Legality — MatchReduceScatterPattern @ 0x1fbb6d0

The sink is only legal when the loop's trip count is statically known and the accumulation tensor's leading (slice) dimension equals it — otherwise the single post-loop collective would operate on a wrongly-sized tensor. Two verbatim guards:

  • "While loop does not have a known trip count" (0x340750) — bail.
  • "Left-hand side dimension of the tensor being dynamic sliced does not match the trip count" (0x363ce8) — the leading DUS dimension must equal the trip count.

Out-params (HloInstruction** out, long* out_index, HloInstruction* root) return the matched DUS/RS chain and its tuple index. MatchAllReducePattern @ 0x1fbba90 is the all-reduce sibling with the same signature.

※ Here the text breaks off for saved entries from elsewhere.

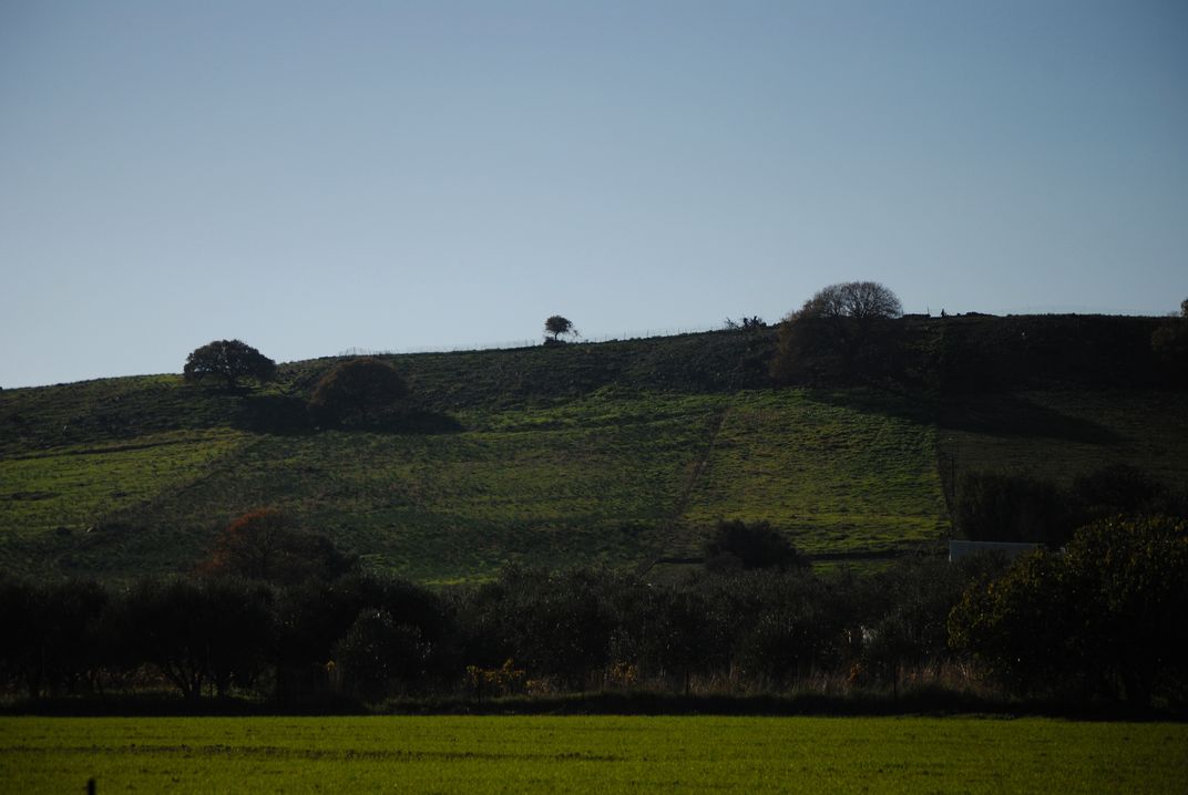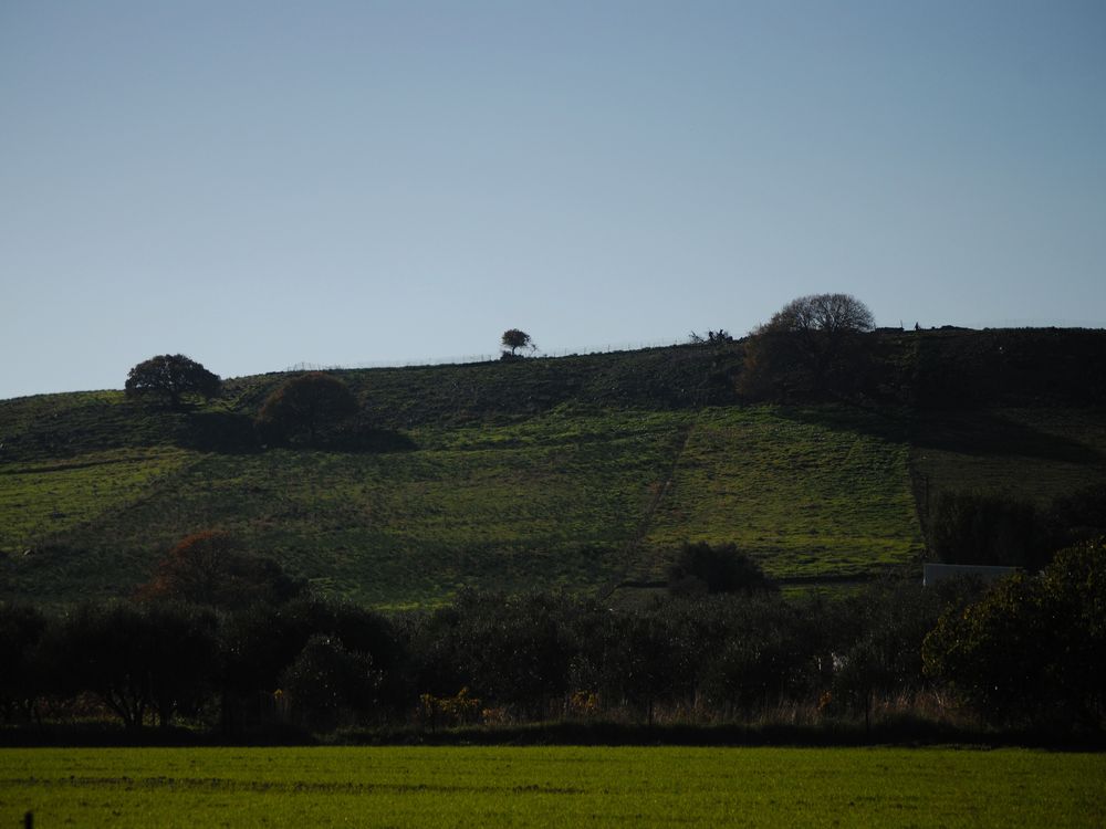 A hillside unfolds in gentle layers of green, illuminated by the sun. Lone trees stand along the ridge, their shadows stretching across the fields and creating subtle patterns in the landscape.
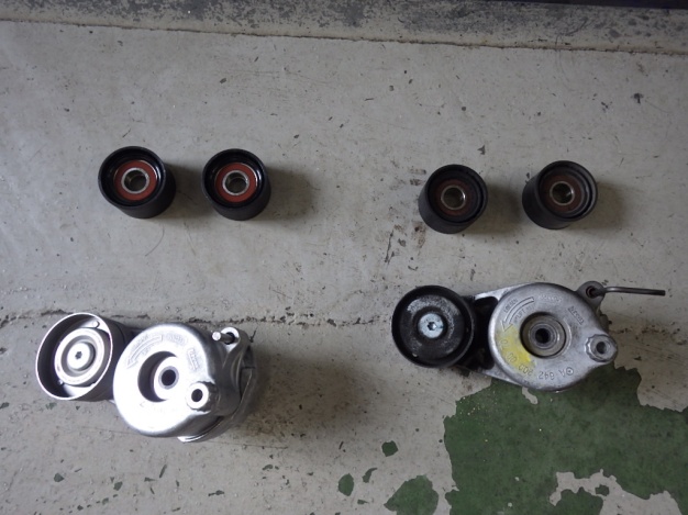 ドライブベルトには亀裂があり、プーリー・テンショナーには少しガタがありました。
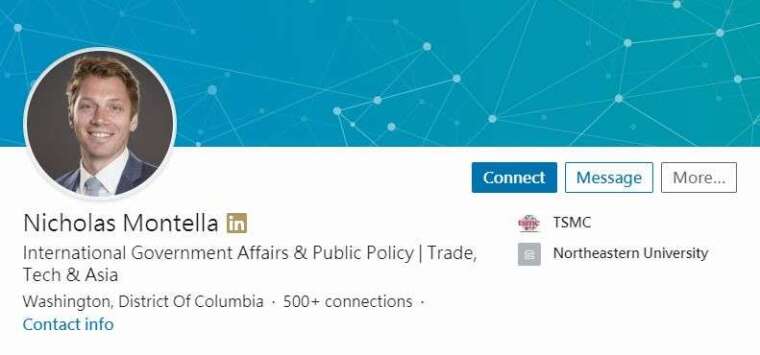 彭博社5月28日爆料,美國商會(US Chamber of Commerce)前高管尼古拉斯•蒙特拉(Nicholas Montella)5月份已加盟台積電,出任該公司政府關係主管。就在幾個月前,英特爾前首席遊説人士彼得•克利夫蘭(Peter Cleveland)也已經成為台積電全球政策副總裁。

Rewrite — MoveReduceScatterOutOfWhileLoopHelper @ 0x1fbd090

The sinking transform (~7518 B). The reduce-scatter moves after the loop and runs once on the full accumulated tensor; the in-loop DUS is reshaped to the full shape and its start indices recomputed. The trace strings expose the mechanics:

"Found operand creation point: " / "Modified operand creation point: "
"Processing tuple element at index: "
"About to make a new reshape shape" / "New reshape shape" / "New full shape: "
"Made new start indices"
"Created new reshape" / "Created tuple element in while body: "
"Created new dynamic-update-slice: "     (@0x2e49f8)   // full-shape in-loop DUS
"Created new reduce-scatter: "           (@0x25b097)   // single post-loop RS
"Replaced operand in original input tuple."
"Replaced get-tuple-element instructions with new reduce-scatter."

The exact HLO-API rewrite ops appear as CHECK assertions (verbatim): original_input_tuple->ReplaceOperandWithDifferentShape(tuple_index, new_operand) (0x334050), gte->ReplaceAllUsesWithDifferentShape(new_reduce_scatter) (0x3340a8), dynamic_update_slice->ReplaceAllUsesWithDifferentShape(new_dus) (0x393d90). MoveAllReduceOutOfWhileLoopHelper @ 0x1fbc390 is the AR sibling.

QUIRK — #103 is the dual of #101. #101 proves a per-iteration all-reduce equals a reduce of the accumulated buffer and hoists it; #103 proves a per-iteration reduce-scatter into a sliced buffer equals one reduce-scatter of the full buffer and sinks it. The direction differs because the accumulation lives on opposite sides of the collective: #101 accumulates then reduces (so reduce moves out behind the loop's result), #103 reduces a slice into an accumulator (so the collective moves past the loop's exit onto the assembled whole). Both end with a single fabric op the combiner can merge.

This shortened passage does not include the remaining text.